**Prompt**
Write out the entries exactly, pictures excluded.

**Listed entries**
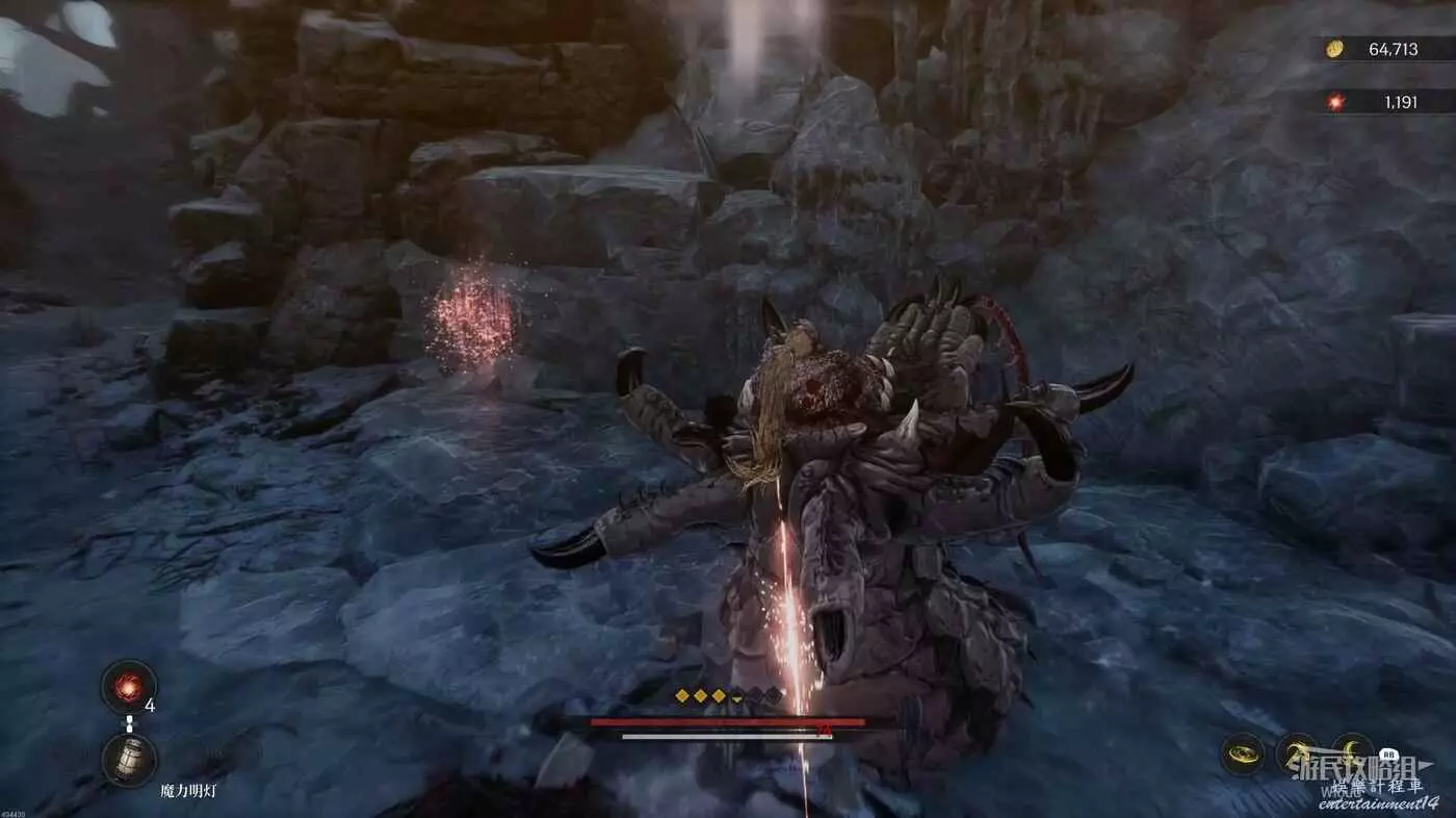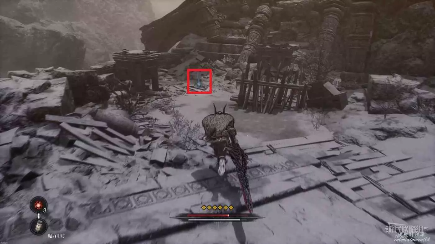 擊敗一個持盾士兵,右側紅光屍體可以拿一個靈魂之淚粉末,從前面冰柱右側跳到下面平台。
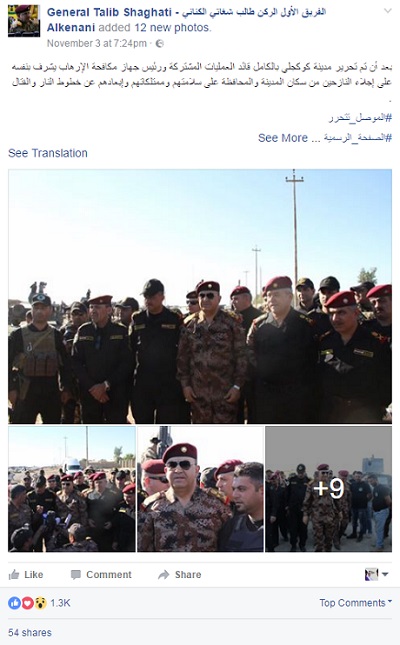 On November 3, leader of the Iraqi joint forces, General Talib Shaghati Kanani, uploaded 19 pictures on Facebook about the Iraqi push into the Gogjali district in Mosul.
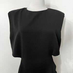MEASUREMENTS : Length: 51,5" Shoulder span : 17" Chest : 19" Side slit lenght: 21,5" ** Approx ZARA BLACK CUT OUT SLEEVELESS COLUMN MAXI DRESS 2157/223, This is a superlightweight black stretch cut out column maxi dress with shoulder pads for a structured muscle top vibe top - crew neckline - gathered on one side giving on a side slit for a sexy and flattering touch for the legs - favorite summer / end of the summer cocktail date dress with strappy sandals and diamonds. Excellent condition. NWOT.
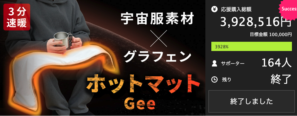 そんな際、キャンプ場でどんな状況でも手軽に暖かくできる商品を探していた時、グラフェン素材でできた「Gee」と出会いました。
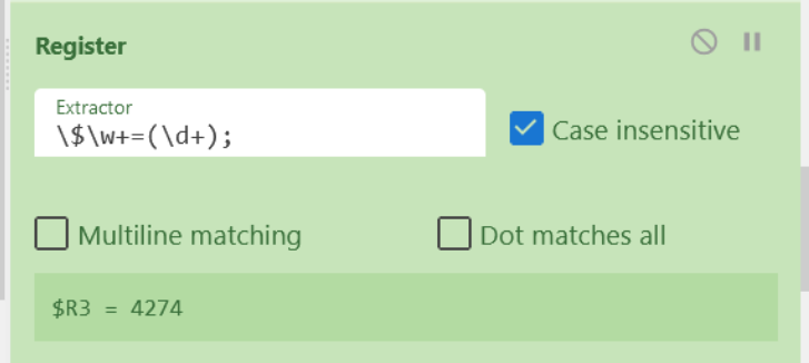 We can do this by creating another register and implementing a regular expression to capture the value $SHY=4274. We can specify a dollar sign, followed by characters, followed by equals, followed by integers, followed by a semicolon.

**Result**
 擊敗一個持盾士兵,右側紅光屍體可以拿一個靈魂之淚粉末,從前面冰柱右側跳到下面平台。
 On November 3, leader of the Iraqi joint forces, General Talib Shaghati Kanani, uploaded 19 pictures on Facebook about the Iraqi push into the Gogjali district in Mosul.
MEASUREMENTS : Length: 51,5" Shoulder span : 17" Chest : 19" Side slit lenght: 21,5" ** Approx ZARA BLACK CUT OUT SLEEVELESS COLUMN MAXI DRESS 2157/223, This is a superlightweight black stretch cut out column maxi dress with shoulder pads for a structured muscle top vibe top - crew neckline - gathered on one side giving on a side slit for a sexy and flattering touch for the legs - favorite summer / end of the summer cocktail date dress with strappy sandals and diamonds. Excellent condition. NWOT.
 そんな際、キャンプ場でどんな状況でも手軽に暖かくできる商品を探していた時、グラフェン素材でできた「Gee」と出会いました。
 We can do this by creating another register and implementing a regular expression to capture the value $SHY=4274. We can specify a dollar sign, followed by characters, followed by equals, followed by integers, followed by a semicolon.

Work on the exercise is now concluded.